Predicting excess equity returns from company fundamentals

Jason Victor

Goal

The goal of my project is to predict the excess return of a given stock. Excess return is defined as the return of a security over a given period minus the return of some benchmark (like the S&P 500 or the DAX) in the same period. This is a measure of the degree to which the market "favors" that company that is independent of changes in the overall stock market (and investor attitudes toward securities with that risk profile). Predicting excess returns to a market benchmark is key in constructing optimal portfolios.

However, while many quantiative analyses of the stock market take into account only technical factors–price movements and trade volumes, for example–I am attempting to make these predictions using fundamental information provided in the financial statements of the given enterprise. Therefore, predictions will be based on the financial standing of a company, not the performance of its stock or any other company's stock.

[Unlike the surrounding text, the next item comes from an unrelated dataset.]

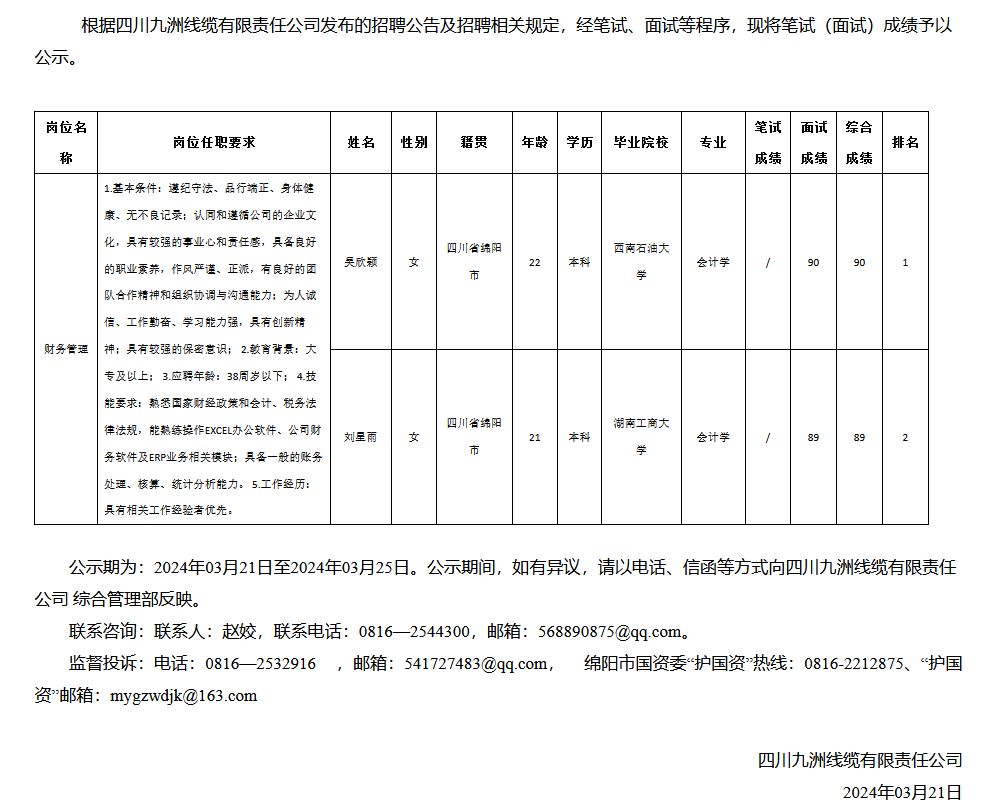 四川九洲線纜有限責(zé)任公司關(guān)于招聘財(cái)務(wù)管理崗成績(jī)的公示

There has been research on predicting credit events of a company using ML and financial ratios, but credit events deal entirely with the top (debt) part of a company's capital structure. I am going to attempt to apply the same reasoning to making predictions about the bottom (equity) part of the capital structure.

Methods

I am mainly interested in kernel SVMs, since they have been used extensively in anticipating credit default events and because of their high performance. I will use k-fold cross validation to determine the optimal value for the kernel function's parameter.

However, I also plan on trying BP-NNs and random forests for comparison purposes. Random forests, in particular, may be more suitable to this task because there is some degree of transparency into how they reason that the user can intuitively comprehend. Based on the relative performance, I will decide which is better.

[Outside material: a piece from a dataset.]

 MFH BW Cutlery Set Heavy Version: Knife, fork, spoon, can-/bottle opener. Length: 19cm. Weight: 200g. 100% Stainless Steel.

My code will be implemented in a combination of Python and R.

Data Sets

I will have to create my own data set using the publicly available financial statements on the SEC website in combination with the split-adjusted close price data from Yahoo! Finance. Once I have this information in a usable form, I can calculate the financial ratios (their definitions are provided here) as the ratios are likely to be more interesting input data than the pure values collected from the statements. I will also create input variables that relate the change of a given variable over time.

Timeline

Collect data from SEC and Yahoo!
Write parsers to convert the data into a usable form
Implement KSVM
Project milestone
Implement random forest
Implement BP-NN
Test different parameters and configurations
Test different inputs: ratios, changes, raw values, etc.
Determine quality of results